Mel38, yeah on all those thoughts about school and testing. My kids just brought home their (terrific) quarterly reports, and 10yo ds was anxious all the way home until we unsealed the envelope. His relief was huge, and I felt for him. We do put high expectations on them, and dh unfortunately hasn't learned how to have high expectations without scaring the kid. I do cut him slack, though, as he is first-gen literate.

 

RR: I got my workout yesterday and definitely feel better for it. Arms are getting stronger! Today, kids have a half-day and tomorrow is a day off school and parent-teacher conferences. Today will be a double-beach distance (8mi) in the morning, and tomorrow, probably pool swimming.


Edited by 1jooj - 4/17/12 at 9:05pm
post #189 of 331
DM--the bike is my slowest portion of a tri, and I also have a mountain bike. It won't stop you from finishing though.

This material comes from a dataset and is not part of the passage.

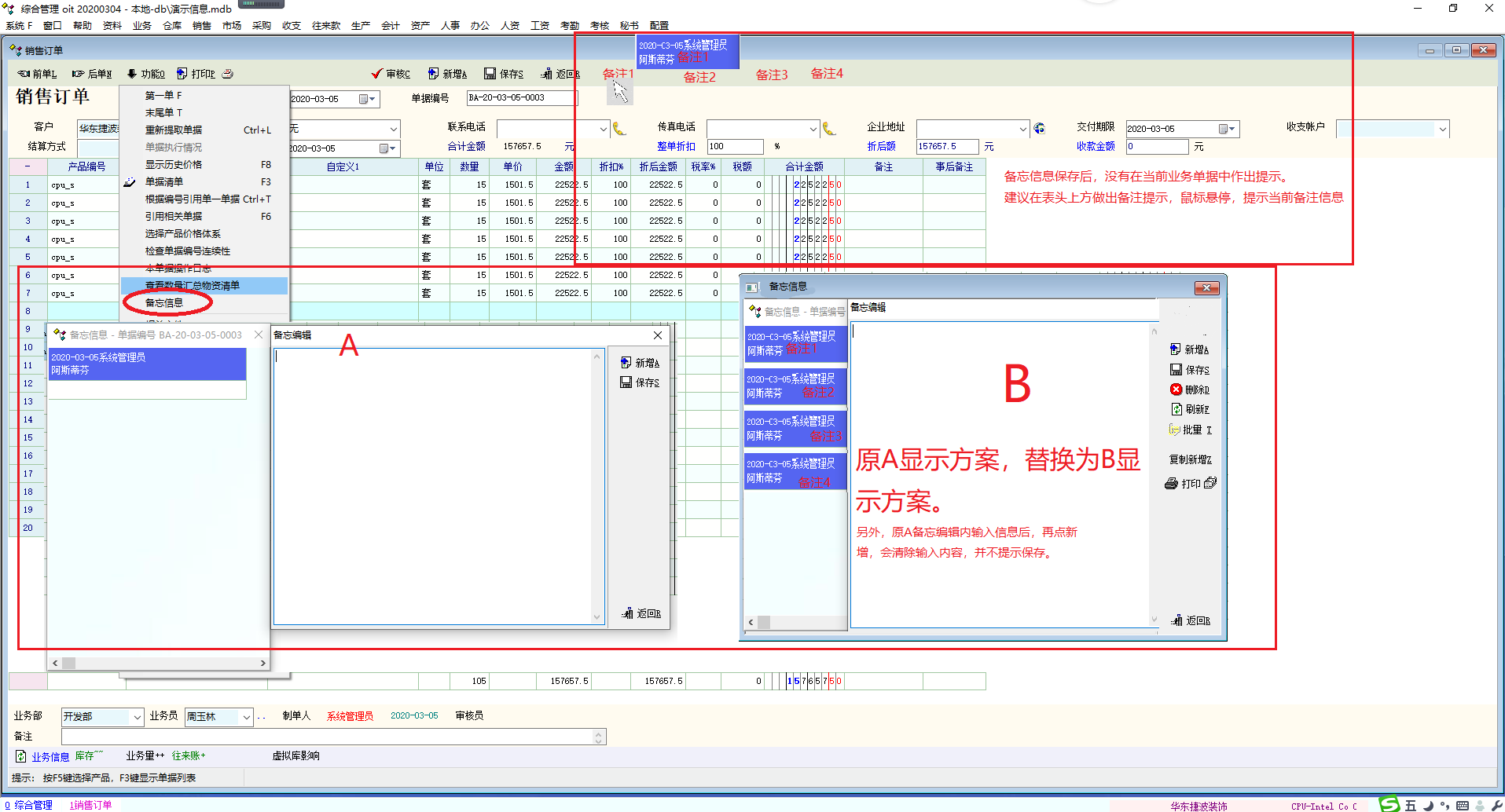 业务单据增加备忘信息后,在当前业务单据中没有提示信息,无法确认些单据是否有备忘信息建议增加对应提示信息  如图

Mel38--craziness. Though I don't have a lot of sympathy for the kid. High expectations or not, cheating isn't the way to get there. Or maybe I've dealt with too many college students who lifted their papers from the internet because they're "too busy." Maybe he's under too much pressure from his family, or maybe he just wants to go to a big-name school and get a job with a big salary while bending the rules to his own advantage. His reaction also reminds me of shoplifters who have gotten caught, which may explain my cynicism about whether he's really a victim of the system or simply someone who thinks rules don't need to apply to his climb to wealth.

bec--I hope your dog is ok.

1jooj--glad your kids had fabulous report cards.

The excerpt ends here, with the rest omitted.